Porque sino ¿qué tipo de periodismo estaríamos haciendo?

Estoy convencido de que llenarte la cabeza de sentidos comunes no va a desarrollar necesariamente en ti una especie de “voluntad pública”, “llamado político”, “sentido crítico”, o como quieras llamarle. Más bien, creo que la compulsión a “saber más” o “enterarte de todo”, puede funcionar fácilmente como un escape simple y facilista a la necesidad imperante de actuar políticamente como un ciudadano. Algo como comprar en Starbucks y operar del labio leporino a niños negros de países que jamás conocerás. Ergo: puedes vivir preocupado porque hay tráfico de diamantes en Nigeria y hacer un escándalo por eso en 140 caracteres, pero no puedes identificar 5 cuestiones (conflictos, debates, problemas, etc.), que están desarrollándose en tu comunidad local (y eso va desde tu urbanización, hasta tu parque, tu municipalidad, etc.), y mucho menos hacer algo al respecto, o imaginar qué se podría hacer.

Por ejemplo: cómo deshacernos de las vírgenes en los parques. 

 

Sentidos Comunes

Entonces, puedes estar en Twitter y seguir a unos cuantos periodistas caviares, un par de periodistas de “provincias” (si es que vives en Lima), a lamulape, uterodemarita, a Rosa María Palacios y Álvarez Rodrich (porque te gusta trolearlos o porque realmente los quieres), a Carlos Raffo, a unas cuantas ONG’s de Derechos Humanos, a Ronald Gamarra, Fernando Tuesta (aunque ya acabaron las elecciones y a nadie le importa lo que diga ese cagón con respecto al fútbol), y unos cuantos ilustres twitteros que te pueden decir qué tan corrupto, miserable, perverso y obsceno es el universo de relaciones sociales, económicas, políticas y culturales del país y el mundo.

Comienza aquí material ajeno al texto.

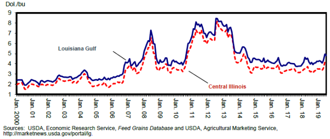 Хотя экспорт кукурузы из США для 2019/20 международного торгового года (октябрь-сентябрь) не изменился по сравнению с предыдущим месяцем и составляет 55,0 млн. тонн, экспорт кукурузы для местного маркетингового года (с сентября по август) снижен на 2,5 млн. тонн (на 100 млн. бушелей до 2 050 млн.), с учетом перспектив чрезвычайно низких поставок в первый месяц местного года — сентябрь 2019 года. Сбор урожая кукурузы и экспорт из Южного полушария (Аргентина и Бразилия) в 2018/19 году в сочетании с рекордным урожаем в Украине создают сильную конкуренцию для американского экспорта кукурузы в конце 2018/19 и в 2019/20 торговом году (сентябрь — август). В США запасы практически не изменились по сравнению с предыдущим месяцем, но снижены по сравнению с предыдущим годом и являются самыми низкими с 2015/16 года. Кроме того, производство кукурузы в 2018/19 году в Аргентине и Бразилии повышено почти на 40 миллионов тонн по сравнению с предыдущим годом, в то время как Украина, как ожидается, соберет рекордный урожай. Эти факторы в сочетании с относительно сильным долларом США, как ожидается, создадут значительные препятствия для экспорта кукурузы из США.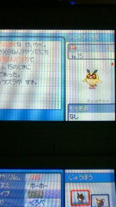 図鑑:見101、捕39 バッジ:5個 (間違えてマツバの後にヤナギさん倒しちまったい) ・めるめ (モココ) ♂ Lv26 せっかち ・くく (ベイリーフ) ♀ Lv28 ずぶとい ・ろこもこ(ロコン) ♀ Lv26 きまぐれ ・たつひこ(ギャラドス) ♂ Lv24 ゆうかん ・ピーチク(ピジョン) ♀ Lv23 せっかち ・にゃー(イーブイ) ♂ Lv5 ひかえめ 補欠 ・やどんげ(ヤドン) ♀ Lv26 やんちゃ 【所感】 電気こわい。ろこもこの投入でコイルは対処できるようになったけど、やっぱり鬼門。 めるめ。早く電気ショックより強い電気技を覚えてくれるのに期待。静電気強いね! 後は電磁波で麻痺まいたり。でも頭突きしてる方が多い気がする くく。壁貼り要因と化してる件について。だって宿り木覚えると思ったんだもん。 行く先々のジムで、相性面で虐げられてる気がするのは気のせいですか。 ろこもこ。Lv24まで上げんのに苦労した。攻撃技が石火しかないとか・・ でも今は火炎放射で活躍。やきつくせー たつひこ。赤ギャラを使ったら負けな気がして。でもLv19コイキングだから大差ない。 相変わらず強いわー噛みつくと波乗りだけで上レベルの相手をばっさばっさ。 ピーチク。どうせピジョットになる前に一群抜けするだろ・・とか思ってたら頑張る子。 ヨルノズクに変わるかと思ったけど割と頑張る子。空を飛ぶ要因も必要だし。 にゃー。名前からダダ漏れなようにエーフィ予定。懐け、懐け・・・! とりあえず次の格闘ジム戦までには進化させたいです。 やどんげ。ギャラが入る前は水・エスパーとして貴重な特攻要員でした。 イーブイ系入れたパーティにしたいよな…と考えた結果、控えの方に。 意外とバランス良くレベルが上がってるな。 大体御三家+伝説の二匹体制で突破することが多いのですけども。 とりあえずDSも一台しかないので、金銀面子でまったり進めることにします。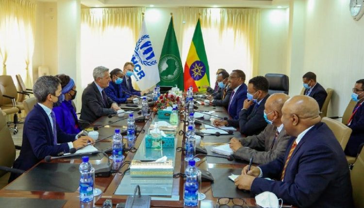 Finfinnee, Amajjii 24, 2013 (FBC) – Itti aanaan Muummee Ministiraa fi Ministirri Ministeera Dhimma Alaa obbo Dammaqaa Makonniin Dhaabbata Mootummoota Gamtoomaniitti Komishinara olaanaa dhimmoota Godaantootaa Filiippoo Giraandee waliin mari’ataniiru.
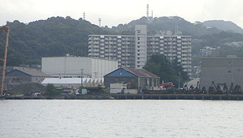 現在、海自艦船補給処と相模運輸倉庫の倉庫地帯ですが、もとは軍需部長浦地区の倉庫地帯です。田浦駅裏にあたり、兵器庫、水雷庫、電気庫、砲銃庫などが立ち並び、砲身、砲架、魚雷、機雷、発電機、通信機、探照灯、航海兵器などが格納されていました。戦争末期には空襲対策として何棟か解体されたが、現在も、多くの施設が外観は改修されているものの現役で使用されています。写真右手の大きな倉庫が第三電気庫、中央の切妻屋根の倉庫が第三水雷庫です。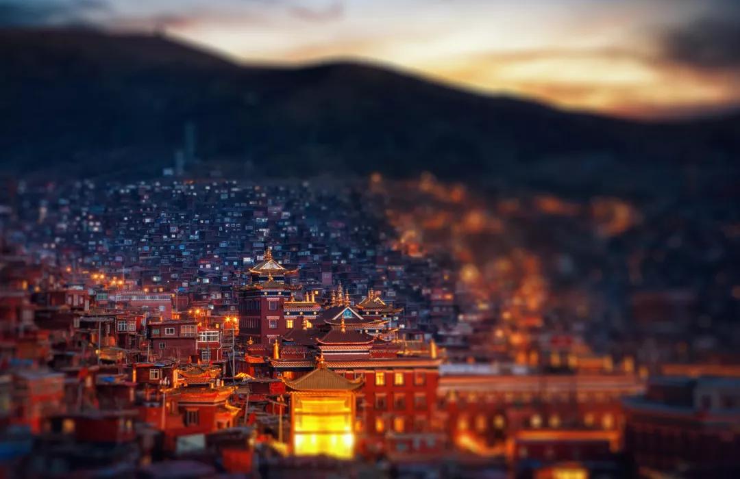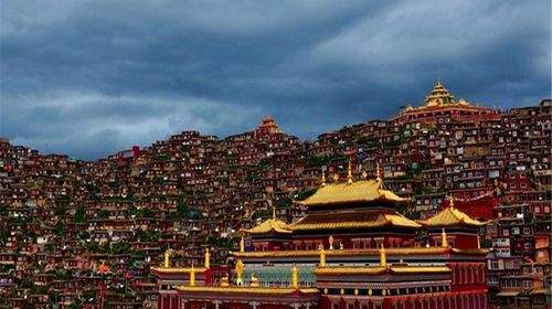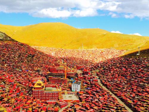 以佛學院的大經堂為中心,密密麻麻搭滿了四面的山坡,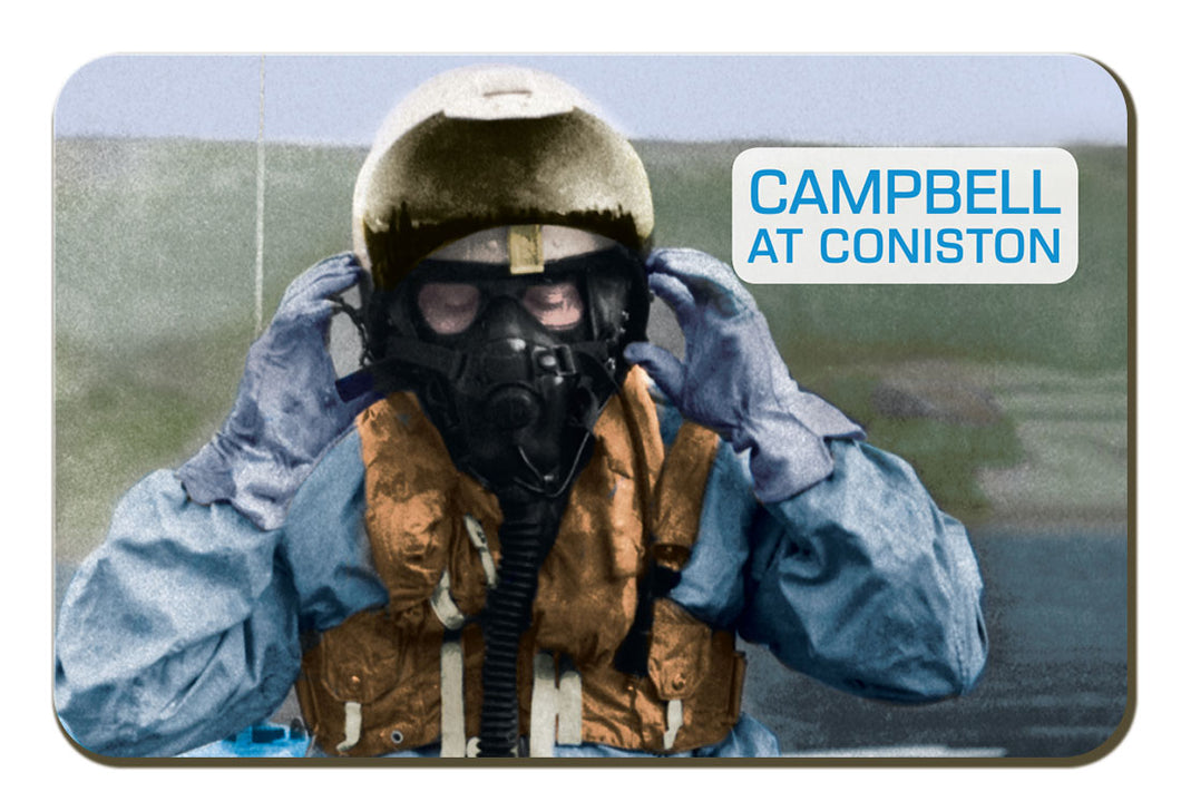This melamine fridge magnet from the Landmark range features an image of Donald Campbell at Coniston.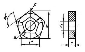 Пластины режущие сменные многогранные твердосплавные пятигранной формы с отверстием и стружколомающими канавками на одной стороне. Сменные многогранные твердосплавные пластины (СМТП) пятигранной формы часто применяют в качестве оснастки торцовых насадных фрез. Для закрепления твердосплавных пятигранных пластин с цилиндрическим отверстием используют рычажный метод, т.н. механическое крепление режущих пластин. Использование твердосплавных сменных пластин является существенным способом экономии денежных средств предприятиями металлообрабатывающей промышленности, так как инструмент, изготовленный из менее прочных и потому более дешевых сталей, со сменными твердосплавными пластинами, существенно дешевле монолитного твердосплавного. Изготавливаются пластины по ГОСТу 19065-80 из твердых сталей марок B35 (современный аналог сплава ВК8), H30 (современный аналог сплава Т5К10) и H10 (современный аналог сплава Т15К6) и обозначаются PNUM, PNMM.

O también podrías seguir el twitter de Adri_Vainilla y enterarte de que esa huevona de algún modo sigue viva.

Podríamos ir un poco más allá y ser un ciudadano del mundo –no te bastó con el berrinche de las elecciones- y podrías estar preocupado (concerned) por lo que pasa en Irak, China, Egipto, Etiopía, Libia, Wall Street, Grecia, Dinamarca, Japón, y la Copa América. Si no te basta Facebook y Twitter puedes seguir absorbiendo información desde Google Plus, tu “SmartPhone” (smarter tan you), etc. Sí, el mundo está jodido y tú vives en él; y, además, te estás enterando de todo en tiempo real, prácticamente gratis y con el esfuerzo mínimo.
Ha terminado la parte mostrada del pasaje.